Open a-benati opened 6 months ago
Hi @a-benati , thanks for reporting this.
Can you please share the full log?
And does it help setting dist_nworker
to 1 or 2?
Best regards
Hi @Athanaseus,
thanks for your answer. Here is the full log: log-caracal.txt
Setting dist_nworker
to a higher value actually makes the situation worse since the required memory increases.
Thanks @a-benati ,
by default the parameter is 0 meaning load the entire data.
I'm curious to see the log results of dist_nmworker: 1
and want to compare the requested memory.
Regards
I believe that the issue is the absence of time and frequency chunks in the input parameters. You will be be working with extremely large chunks. I would suggest setting the input time and frequency chunks to match the solution interval on your DDE in this case.

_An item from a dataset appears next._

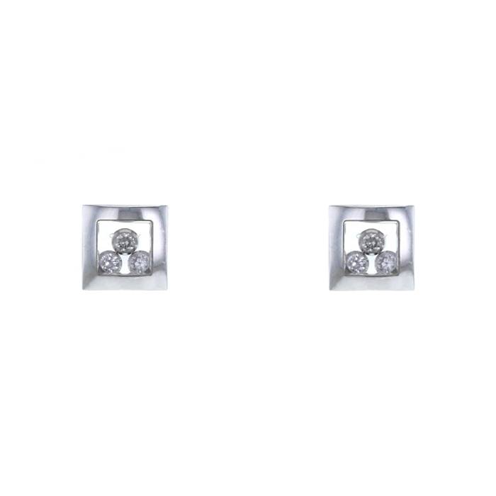 Bellissimi orecchini a perno Chopard Happy Curves in oro bianco e diamanti, composte di 2 bellissime motivi quadrati bombati in oro bianco, che sostengono al centro 6 raffinati diamanti mobili con taglio a brillante del peso totale di 0.20 carati.

Thanks @Athanaseus. Here is the log result of dist_nmworker: 4
, since I already have it and it would take ~9 hours to try with dist_nmworker: 1
.
log-caracal_dist_nworker_4.txt
@JSKenyon thanks for your answer. I agree with the fact that I need smaller time and frequency chunks, but I am not sure about the parameters to change: are they dd_dd_timeslots_int
and dd_dd_chan_int
? And what would be a fair value? Or, better, what do I have to inspect to understand which would be a fair value?
These is where the options are set in the ddcal worker: https://github.com/caracal-pipeline/caracal/blob/2d338e2afc5ed8fc723be95e74b071890d4a7bed/caracal/workers/ddcal_worker.py#L330-L331
I am not much of a CaraCal user so I am not sure of the easiest way to adjust those parameters.
In principle, for the parameters in the log you shared, data-time-chunk=4
would probably be ideal. Currently, it gets sets to zero which means it will treat each scan as a chunk. Let me know if you manage to give that a go and feel free to share further logs - I might be able to offer further insight.
Thanks @JSKenyon. When dist_nworker: 0
both data-time-chunk
and data-freq-chunk
are set to 0. When I set dist_nworker: 4
, I have data-time-chunk=100
and data-freq-chunk=0
, but the memory error persists (you can check the log file above). Do you think I should set data-time-chunk=4
directly in the code of ddcal_worker.py
?
You could definitely give it a try and see if it resolves the issue. I see that you have 24 directions in your model - that is pretty extreme (your model will be 24 times larger than the associated visibilities). I would also suggest making your frequency solution interval something which divides 512 (the number of channels if I am not mistaken) e.g. 128. That should prevent some complications. Unfortunately, CubiCal (the underlying software package for the ddcal step) was never particularly light on memory.
@JSKenyon thanks, I will try setting data-time-chunk=4
and data-freq-chunk=128
directly in the code and see what happens. I will keep you posted.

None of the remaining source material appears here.